On Tuesday, the chief executive officer of RBC offered analysts a bit of clarity on the matter. Though he refused to say whether RBC would be a buyer or a seller, Mr. Nixon suggested a decision won't be made soon.

Before he rules on the fate of the RBC Bank division based in Raleigh, N.C., Mr. Nixon said he will wait for those operations to return to a "more normalized" state.

With the U.S. economy struggling to recover, and the mortgage market facing strong headwinds, such a shift is unlikely to occur for a while, he indicated.

"In the short-term, our priority is to get the U.S. bank performing at a more normalized level," Mr. Nixon told analysts an RBC investor conference in Toronto. "We're not sure exactly what we would like to do longer term."

The bank has spent the past two years reorganizing the slumping operation and took a $1-billion writedown on the business in 2009. Some analysts have suggested RBC would be better off selling its U.S. branches than to invest further.

RBC sold its Liberty Life Insurance Co. business in the U.S. last year, but Mr. Nixon said that decision is not tied to the retail business. The liquidation of the insurance arm came after the bank figured it lacked the scale to be a serious competitor in that market.

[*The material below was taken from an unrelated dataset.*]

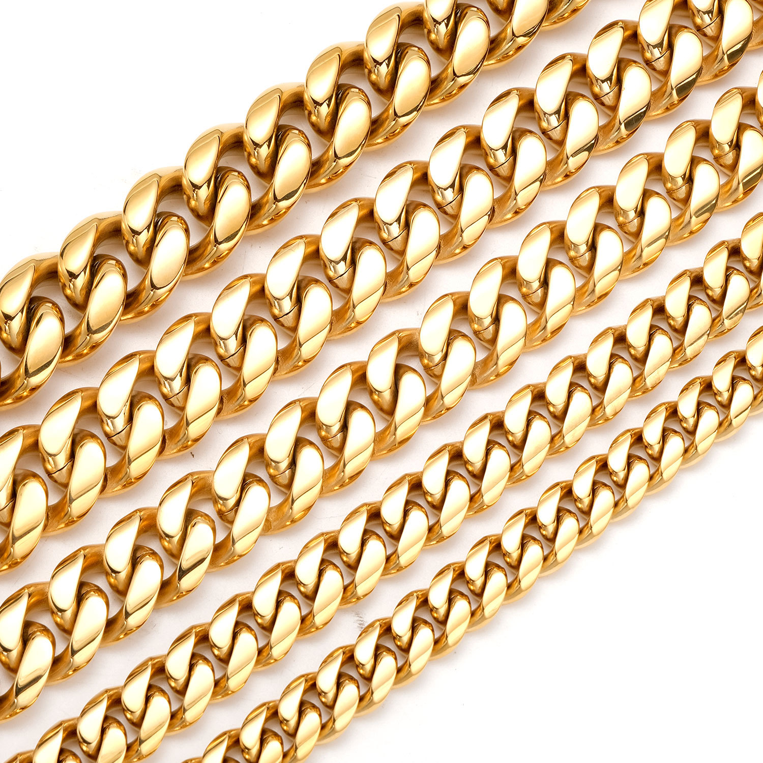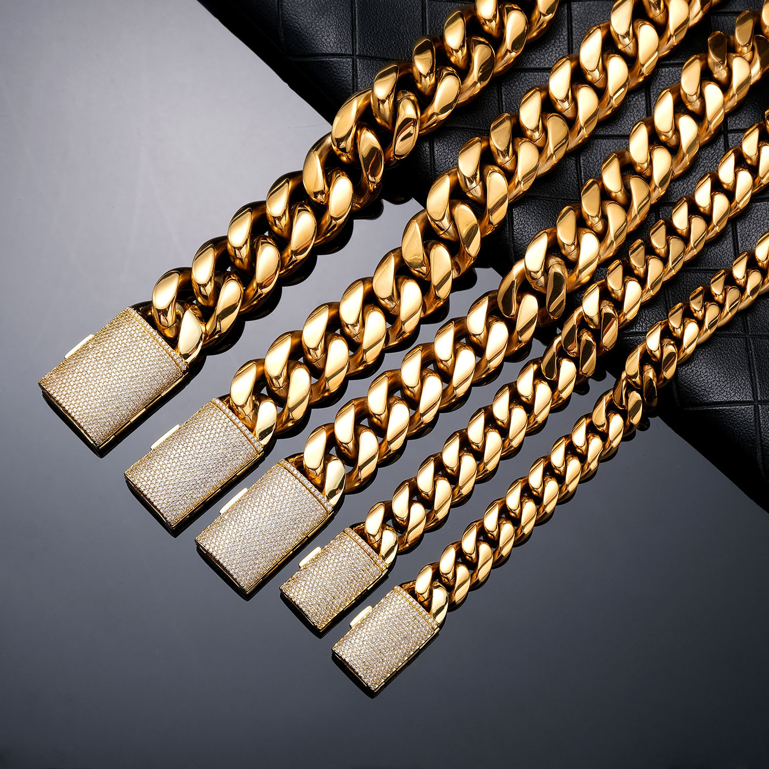 8-22mm European and American Hip-Hop 18K Gold Electroplated Stainless Steel Cuban Chain Micro-Paved Zircon Buckle Necklace Jmbz

Recent moves by Canadian banks in the U.S. have prompted speculation that RBC would add to its branch network as well. Since the downturn hit, well-capitalized Canadian lenders have been bargain hunting for banks south of the border.

Bank of Montreal agreed to buy Marshall &Ilsley in December, which broadens its retail network in Illinois and Wisconsin. That move followed a major expansion in Florida last year by Toronto-Dominion Bank, which bought three banks in that state.

RBC is considered a potential acquirer for Georgia-based SunTrust Banks Inc., since its branches fit well with the Canadian bank's U.S. footprint. However, Mr. Nixon indicated he is bearish on the U.S. market. "The retail banking market in the United States is a very stressed marketplace," Mr. Nixon said.